La vicenda ha luogo in una cittadina siciliana, e la scena iniziale vede la signora Beatrice Fiorìca nel salotto della propria casa, che in presenza della sua vecchia serva Fana e della Saracena, piange seduta sul divano.
La donna è  disperata, poichè ha appena saputo dalla Saracena che il marito, un banchiere privato, la tradisce con Nina, giovane moglie di un dipendente, lo scrivano Ciampa, che occupa un appartamentino attiguo e comunicante col Banco.
Beatrice allora concepisce un piano per vendicarsi e  far scoppiare lo scandalo.
Il piano è ingegnoso: ella, dopo aver provveduto ad allontanare Ciampa, inviandolo a Palermo con il pretesto di una commissione (riscattare un paio d’orecchini e un braccialetto impegnati di nascosto al marito per poter prestare del denaro al fratello, Fifì La Bella), farà trovare campo libero al marito, di ritorno la sera da Catania, per appartarsi con l’amante. La polizia, preavvertita, facendo irruzione nell'appartamentino, potrà sorprendere i due amanti in flagrante adulterio.
La signora Beatrice manda quindi a chiamare il delegato di polizia Spanò, uomo di fiducia della sua famiglia, dalla sua vecchia serva per esporgli il piano. Egli però esita nell’accettare una denuncia compromettente per l'onorabilità del cavalier Fiorica, persona stimata e influente in città, ma alla fine cede alle pressanti insistenze della signora.
La donna fa quindi chiamare Ciampa dalla Saracena, per affidargli la commissione; l’uomo, sospettando un intrigo, tenta di sottrarsi dall'incarico e cerca di convincere la signora a parlare con lui senza "infingimenti".
Ciampa, scrivano e intellettuale, ha elaborato una personale teoria dell'agire sociale, che espone alla signora Fiorìca: _«Deve sapere che abbiamo tutti come tre corde d'orologio in testa. La seria, la civile, la pazza. Soprattutto, dovendo vivere in società, ci serve la civile; per cui ci sta qua, in mezzo alla fronte. - Ci mangeremmo tutti, signora mia, l'un l'altro, come tanti cani arrabbiati. - Non si può. E che faccio allora? Do una giratina così alla corda civile. Ma può venire il momento che le acque si intorbidano. E allora... allora io cerco, prima, di girare qua la corda seria, per chiarire, per rimettere le cose a posto, dare le mie ragioni, dire quattro e quattr'otto, senza tante storie, quello che devo. Che se poi non mi riesce in nessun modo, sferro, signora, la corda pazza, perdo la vista degli occhi e non so più quello che faccio! »._
Ma Beatrice è determinata a vendicarsi del marito, e non si lascia convincere a girare la corda seria per rimettere le cose a posto, ed è convinta che Ciampa sia consenziente alla tresca.

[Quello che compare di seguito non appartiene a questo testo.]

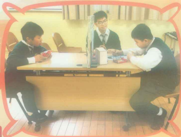
同學在默契遊戲中鍛煉普通話

普通話學會與中文學會協辦名為「默契」的攤位遊戲。同學們在遊戲中和小夥伴更有默契，也能藉此訓練普通話，真是一舉兩得。
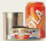
Latas de alimentos y bebidas
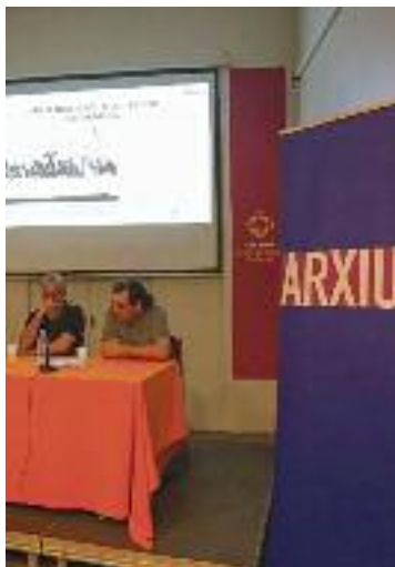
Presentació d'Espartacus.

En aquest sentit, l'Arxiu ha titulat aquesta col·lecció amb el nom Espartacus i inclou el testimoni de granollerins que havien estat vinculats a la CNT i al POUM, que havien integrat la Columna del Vallès per combatre el franquisme i que també havien format part de partits antifranquistes. Tots ells, enemics del règim que, des de la clandestinitat, van treballar per acabar amb la dictadura.
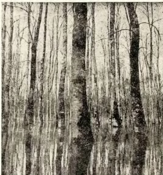
Sastojina jasena sa kasnim drijemovcem u G. j. Greda—Kamare dne 27. IV. 1958.

Dužina i način plavljenja osnovni su ekološki faktori šume barskog jasena, koji određuju sastav zajednice, te izgled i uspijevanje njenih pojedinih članova.
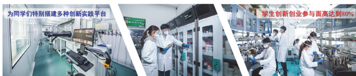
图6 拔尖创新人才培养创新实践平台搭建

高水平实践平台搭建奠定了创新实践基础。中心各科研团队场地资源丰富,实验设施齐全,除了配备数十种常规大型科研仪器设备如核磁共振波谱仪(NMR)、电子显微镜(扫描SEM、透射TEM、场发射FEM)、X光射线衍射仪(XRD)、红外光谱(FTIR)、拉曼光谱及显微成像、原子力及扫描隧道显微镜(AFM & STM)、荧光共聚焦显微镜之外,还设计了具备不同模块化功能的仪器设备实验平台,包括电化学传感基础及应用、电化学传感基础及应用、电化学能源及催化材料、柔性传感器件工程、光电材料及传感器件,以及分析仪器化设计工程等多个类别,为同学们充分认识自然,探索自然和引领创新事业发展奠定了良好的基础,先进创新实践平台的搭建为拔尖创新人才培养提供了坚实而强有力的基础条件支撑(图6)。
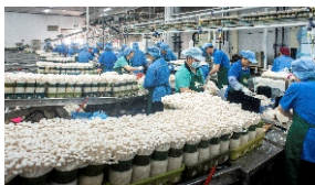
曲江区拥有广东省首个定位为食用菌类型的农业产业园，目前引进了食用菌行业农业企业11家。图为工人正在包装准备出口的食品菌
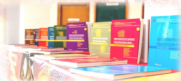
Σειρά: Θέματα Εκπαιδευτικού Σχεδιασμού

Εμπλουτισμός των τυπικών μορφών διδασκαλιών (διάλεξη-εργαστήριο-φροντιστήριο, προσομοίωση, μικροδιδασκαλία, κλπ):
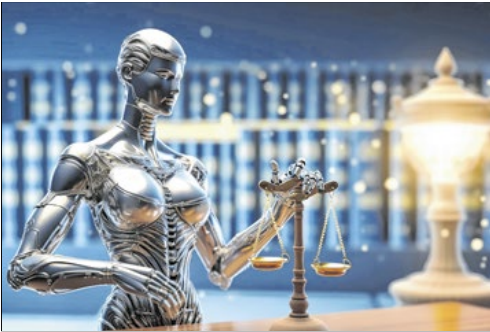
Justiça em 2026 terá novos desafios, principalmente por conta da tecnologia
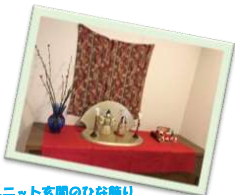
ユニット玄間のひな祭り
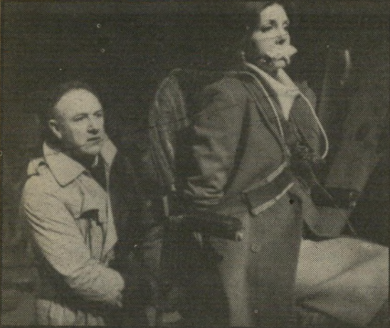
גיל האניקט וג'ון הקמן: האשה הממולכדת

ההמשך שייך לכל מסורת סירטי-הערפדים שראיתם אי-פעם
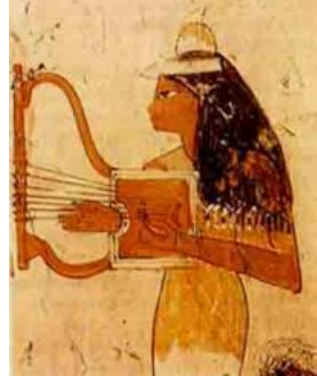
Şekil-2: Yatay Olarak Tutulan Lir
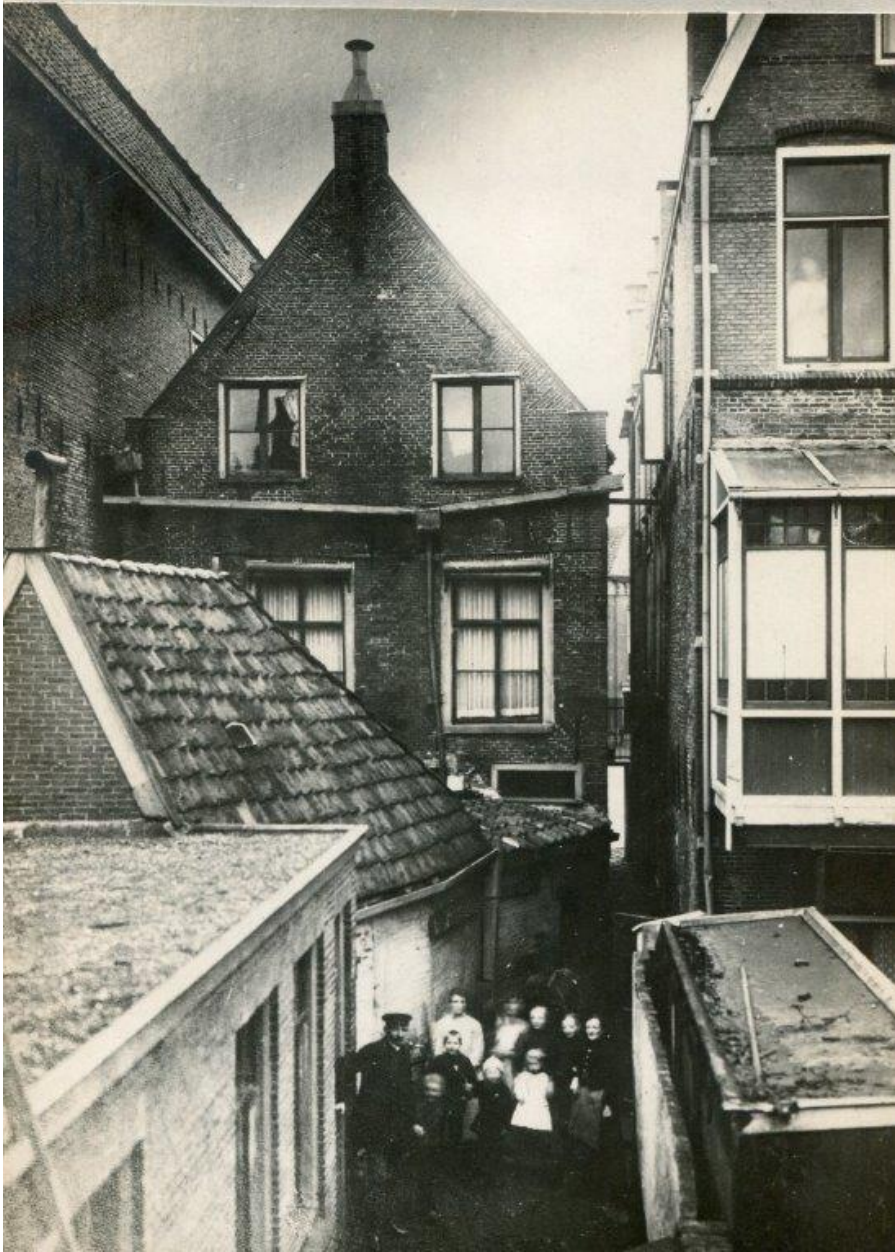
De achterzijde van Het Gouden Wagentje, rond 1910 gezien vanuit de oostelijk belendende steeg. De personen op de foto zijn onbekend, doch zouden leden van de familie Brada kunnen zijn.

Lo scrivano prima di partire, tenta ancora invano di disinnescare il progetto insensato della padrona.
Nel secondo atto scatta la trappola.
Nina Ciampa e il cavalier Fiorìca vengono sorpresi l'una con un decolté eccessivo, giustificato dalla stagione calda, e l'altro in "maniche di camicia – decentissimo", sul punto di lavarsi le mani.
I due vengono tuttavia arrestati dal collega del delegato, il calabrese Logatto, l'una per il decolté, seppure esibito in casa, l'altro per resistenza, anche se la flagranza effettiva non c’era; il verbale è quindi negativo e il cavaliere, assicura il delegato Spanò, sarà prontamente rilasciato.
Dal momento che il marito è stato in qualche modo punito, la signora Fiorìca è ora soddisfatta.
Non ha considerato però la reazione di Ciampa, che piomba stravolto di ritorno dal suo viaggio nel suo salotto, per rivendicare la sua condizione dolente di uomo non più giovane, innamorato della moglie, che ha dovuto sottomettersi fino al punto di dividersi l’amore della moglie con un altro uomo.
Lo scrivano assicura che, se prima dello scandalo avesse potuto parlare francamente con la signora Beatrice della situazione, egli si sarebbe licenziato e trasferito altrove; ma la donna, dominata dalla gelosia, ne ha ignorato le ragioni, sbandierando a tutti il suo doloroso segreto.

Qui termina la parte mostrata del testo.